May we break now, Your Honor?

THE COURT: Okay. We will take our recess.

MR. LITT: Your Honor, before we break, there is one matter I'd like to inquire about.

Mr. Flynn has indicated to me his intetion to call Mrs. Hubbard next as a witness, and we would appreciate if the court could require some parameters as to what the scope of her intended testimony is going to be. I

2658

have no idea of what subject matters.

I don't know whether or not it is Mr. Flynn's intention to inquire concerning your knowledge of her husband's biographical history or exactly what.

The only relevant testimony that I could see is if they are going to ask her about the privacy of the documents, but I think it would be helpful if we could have some idea of what the court is going to allow by way of examination of her at this point in terms of scope.

2659

THE COURT: Well, what do you have in mind, Mr. Flynn?

MR. FLYNN: I'm not sure, Your Honor. We are the defense. And Mr. Armstrong has been cross-examined now for four days and -- four and a half days, whatever it is -- three and a half days. And I don't expect it will be very long.

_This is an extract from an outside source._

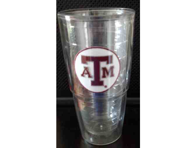 Texas A&M Insulated Tumbler, pre-owned, great condition. Marked with logo on front. Dishwasher safe. Measures 7 1/2 inches tall, almost 4 inches across top.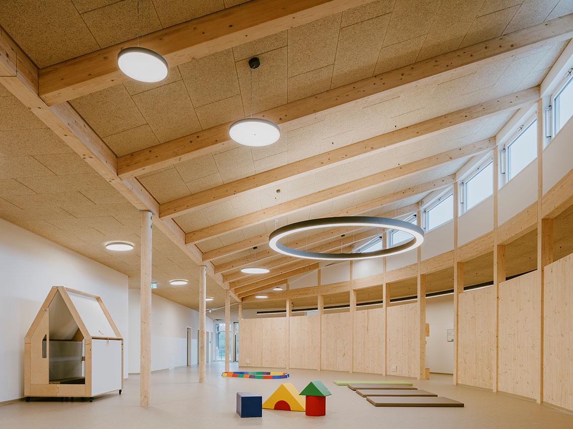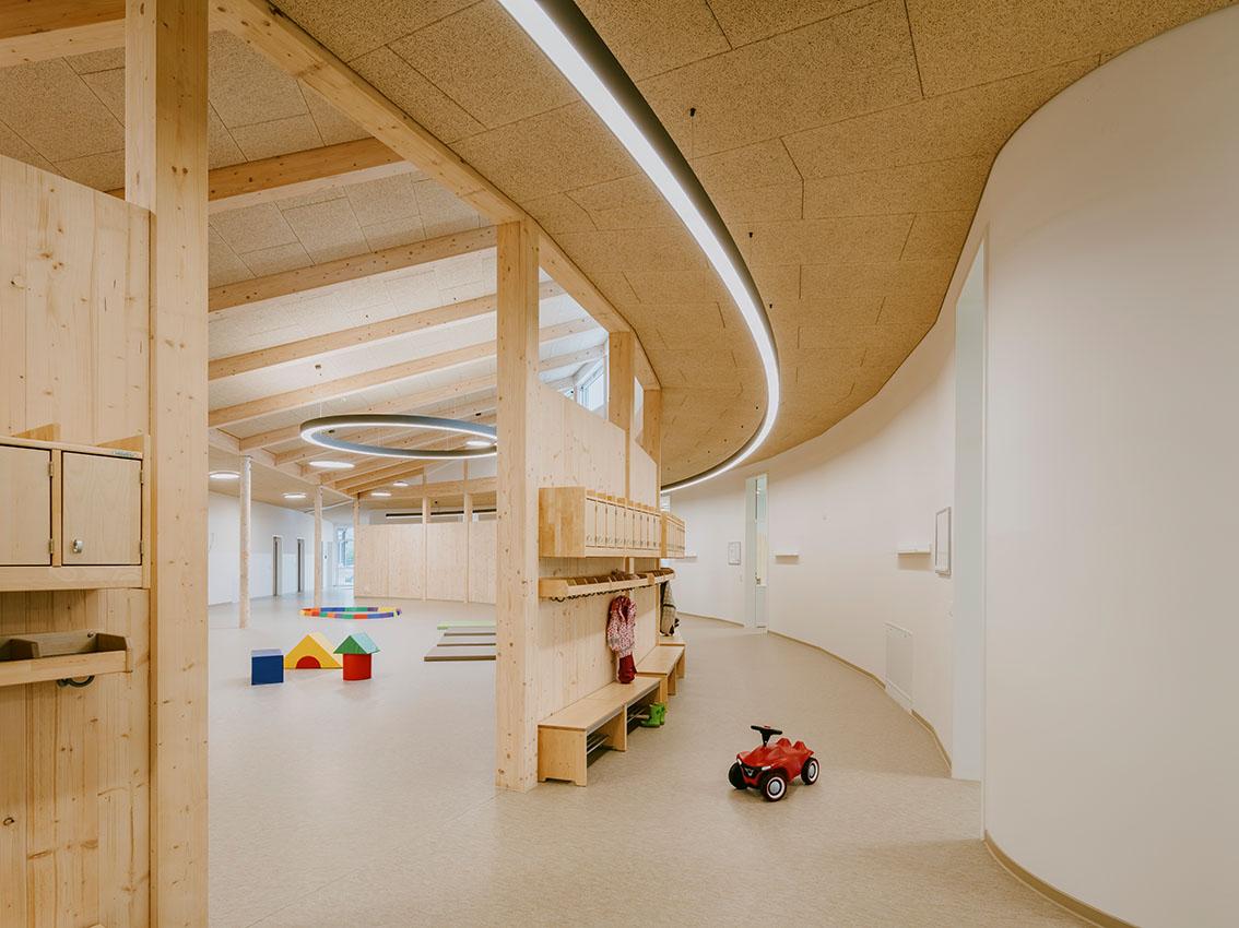 Die ASB Kita Bachlinge öffnete am 01.09.2022 ihre Pforten. Die vom Architekten Jan Braker designte Kita fügt sich futuristisch in die naturbelassene Umgebung ein und glänzt mit modernster Technik, kombiniert mit nachhaltiger Holzbauweise.

There are a few areas that I will probably inquire into, but I haven't worked out my examination completely yet.

MR. HARRIS: Also, Your Honor, Mr. Flynn has subpoenaed Mr. Sandy Block of the church, Lymon Spurlock. I mean there is a whole string of witnesses plus he has promised Laurel Sullivan and who knows who else. And Laurel Sullivan, I understand, has to do with the MCCS stuff. But I mean how long a defense and what is the relevance? And is there an offer of proof?

MR. FLYNN: I'm going to try --

THE COURT: I am not going to get involved in that at this time. He is conducting his defense. I'll worry about it in due course.

We have had this one witness on the stand now for virtually two weeks. And I don't see that it is getting close to being concluded.

MR. HARRIS: It is getting close, Your Honor.

THE COURT: There will be redirect and recross-examination. We have a ways to go.

MR. FLYNN: I notified Mr. Litt that Mary Sue Hubbard is my next witness and then Laurel Sullivan.

2660

We'll make every effort we can to narrow it and end this trial. But the court basically has the picture.

2661

MR. LITT: Your Honor, one other matter. We still have this pending issue of Mr. Franks. We discussed the question of having his deposition taken prior to his testimony and we would like to make some arrangements in that regard if it is going to happen.

MR. FLYNN: Maybe they can stipulate to it, Your Honor. At this point it would be to confirm that he was locked up for three weeks in November 1981, and he had to sign an undated letter of resignation that was given to Mr. Hubbard when he became the highest official of the Church of Scientology in 1980 and 1981. Basically those two items.

THE COURT: Well, at least you know what he has in mind.

(At 4:03 p.m. the proceedings were adjourned until Tuesday, May 22, 1984 at 9:00 a.m.)